** What needs to be done **
Print only the lines below, from the very first to the one containing "Green Island is", exactly as they stand. Do not print pictures.

** Data provided **

::::::::

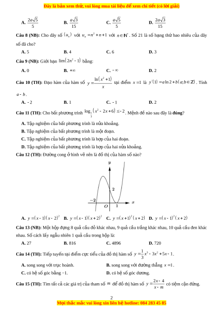 ề nào sau đây là đúng? 3 A. Tập nghi m ệ c a ủ bất phư ng t ơ rình là n a ử kho ng. ả B. Tập nghi m ệ c a ủ bất phư ng ơ trình là m t ộ đo n. ạ C. Tập nghi m ệ c a ủ bất phư ng t ơ rình là h p c ợ a ủ hai đo n. ạ D. Tập nghi m ệ c a ủ bất phư ng t ơ rình là h p c ợ a ủ hai n a ử kho ng. ả Câu 12 (TH): Đư ng c ờ ong hì ở nh v nê ẽ n là đồ th c ị a ủ hàm s nà ố o? A. y 2 2
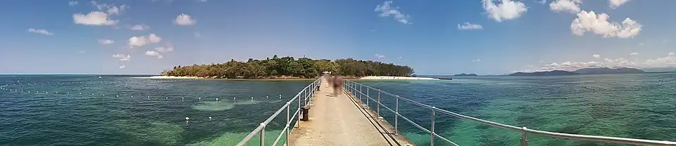 Green Island is coral cay 27 km (17 mi) offshore from Cairns, Queensland, Australia located within the Great Barrier Reef Marine Park World Heritage Area in the Coral Sea. The island is surrounded by coral reef and protected in the Green Island National Park. Most visitors come for the day. A luxury resort with 46 rooms is situated on the island.[4]
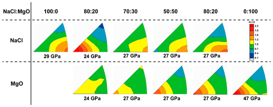 The sample composed of approximately 30% MgO plus 70% NaCl is compressed up to 27 GPa. The Q-factors of NaCl are still in an order of Q(111) > Q(220) > Q(200) (Figure 8a) and slightly higher than the pure NaCl sample. At 4 GPa, where the first diffraction image is taken, NaCl has already developed a (100) texture, corresponding to a dominant slip. As deformation continues, the texture gradually weakens then shifts to (110) (Figure 9), due to activation of the slip system. The Q-factors of MgO are still relatively low compared with pure MgO. However, MgO gradually develops a weak (100) texture (Figure 9). This indicates that MgO starts to deform plastically in the 30% phase proportion sample. This is near the percolation threshold; thus, MgO–MgO grain contacts are likely to occur in this sample. Experiment textures of MgO/NaCl at 4 GPa are used as starting textures in these models. CRSS values used for NaCl are similar to the pure NaCl simulation, resulting in a dominant slip with minor auxiliary and . For MgO, is the only active system with only minor 2% activity, resulting in slight (100) texture development (Figure 8b).
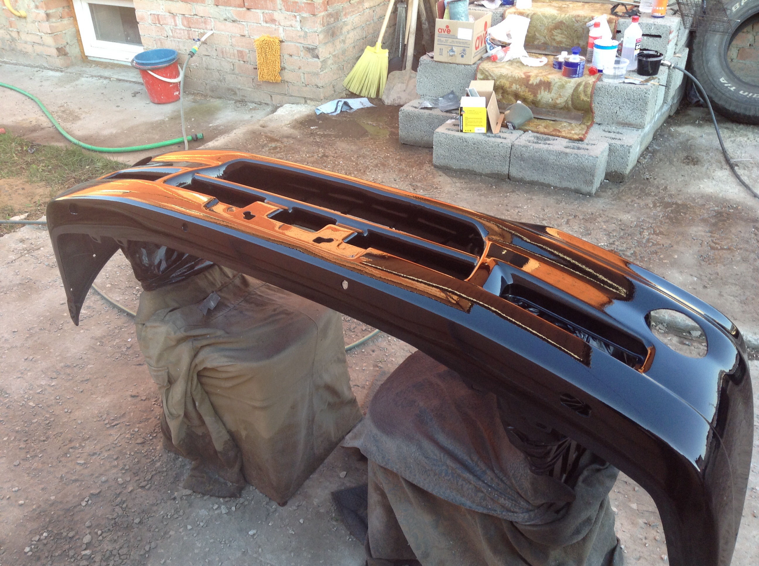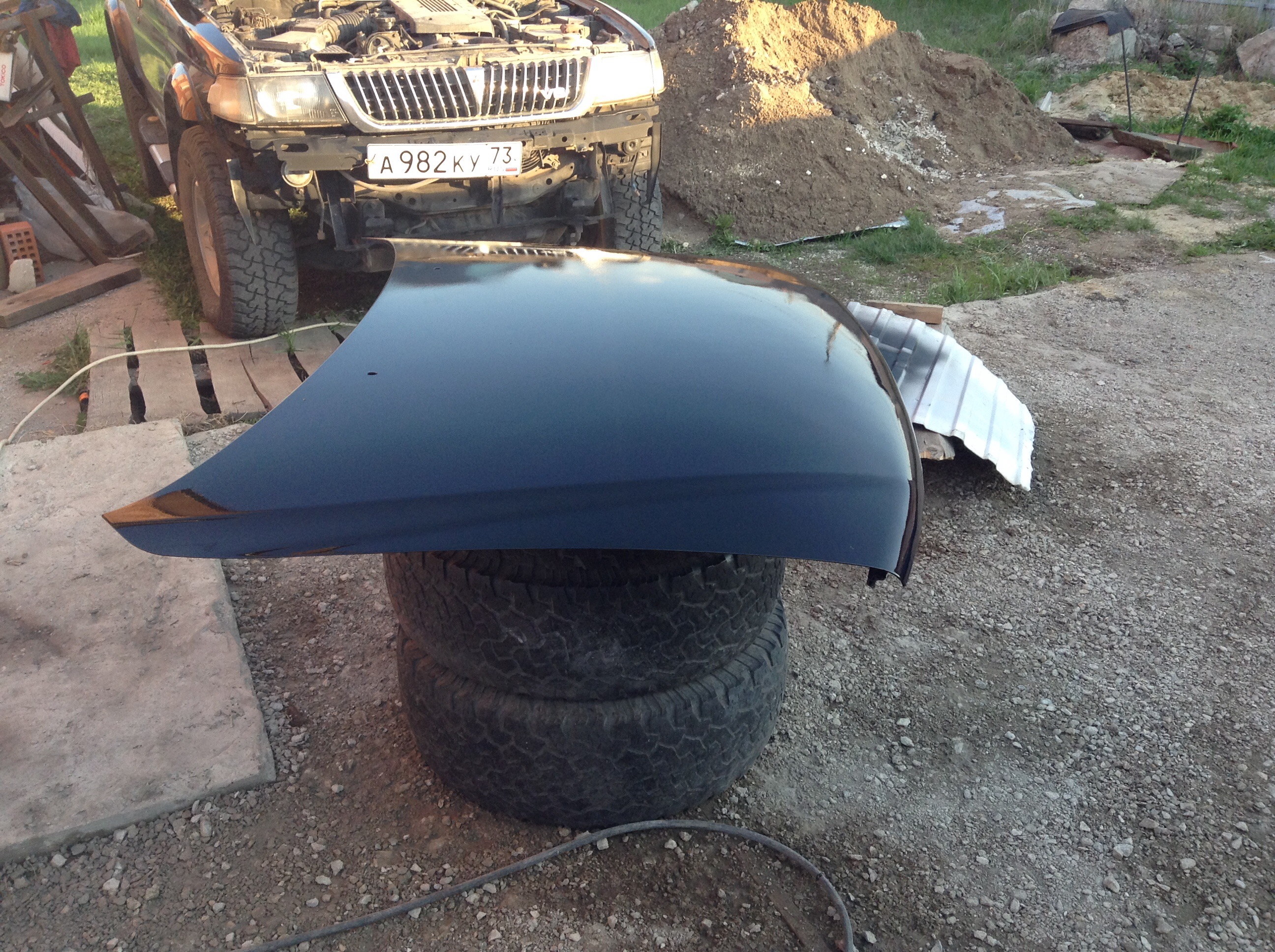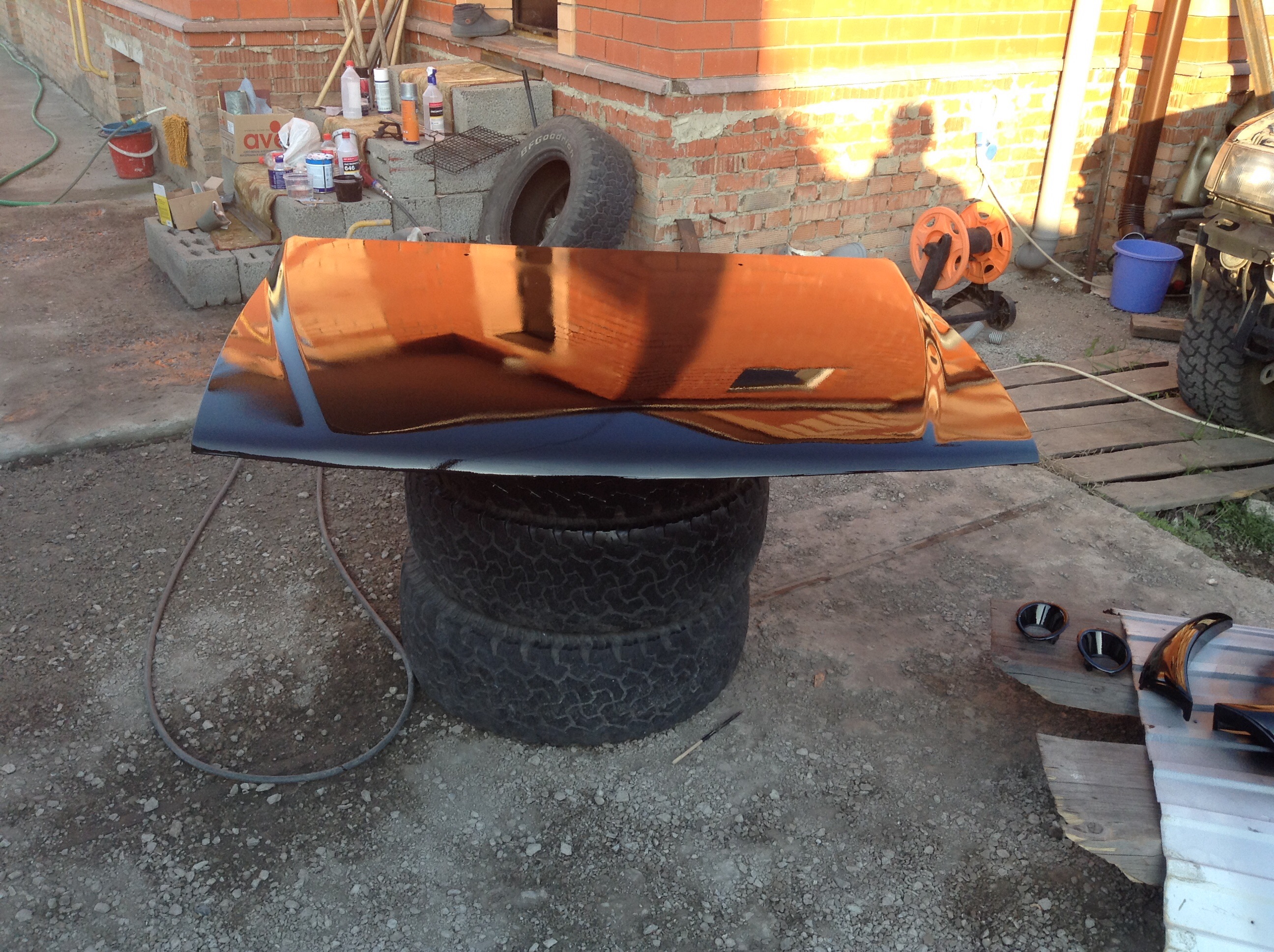 Поставил капот и бампер на машину. Капот еще надо полирнуть. Без пыли и тараканов не обошлось

::::::::

** Task solution **
 ề nào sau đây là đúng? 3 A. Tập nghi m ệ c a ủ bất phư ng t ơ rình là n a ử kho ng. ả B. Tập nghi m ệ c a ủ bất phư ng ơ trình là m t ộ đo n. ạ C. Tập nghi m ệ c a ủ bất phư ng t ơ rình là h p c ợ a ủ hai đo n. ạ D. Tập nghi m ệ c a ủ bất phư ng t ơ rình là h p c ợ a ủ hai n a ử kho ng. ả Câu 12 (TH): Đư ng c ờ ong hì ở nh v nê ẽ n là đồ th c ị a ủ hàm s nà ố o? A. y 2 2
 Green Island is coral cay 27 km (17 mi) offshore from Cairns, Queensland, Australia located within the Great Barrier Reef Marine Park World Heritage Area in the Coral Sea. The island is surrounded by coral reef and protected in the Green Island National Park. Most visitors come for the day. A luxury resort with 46 rooms is situated on the island.[4]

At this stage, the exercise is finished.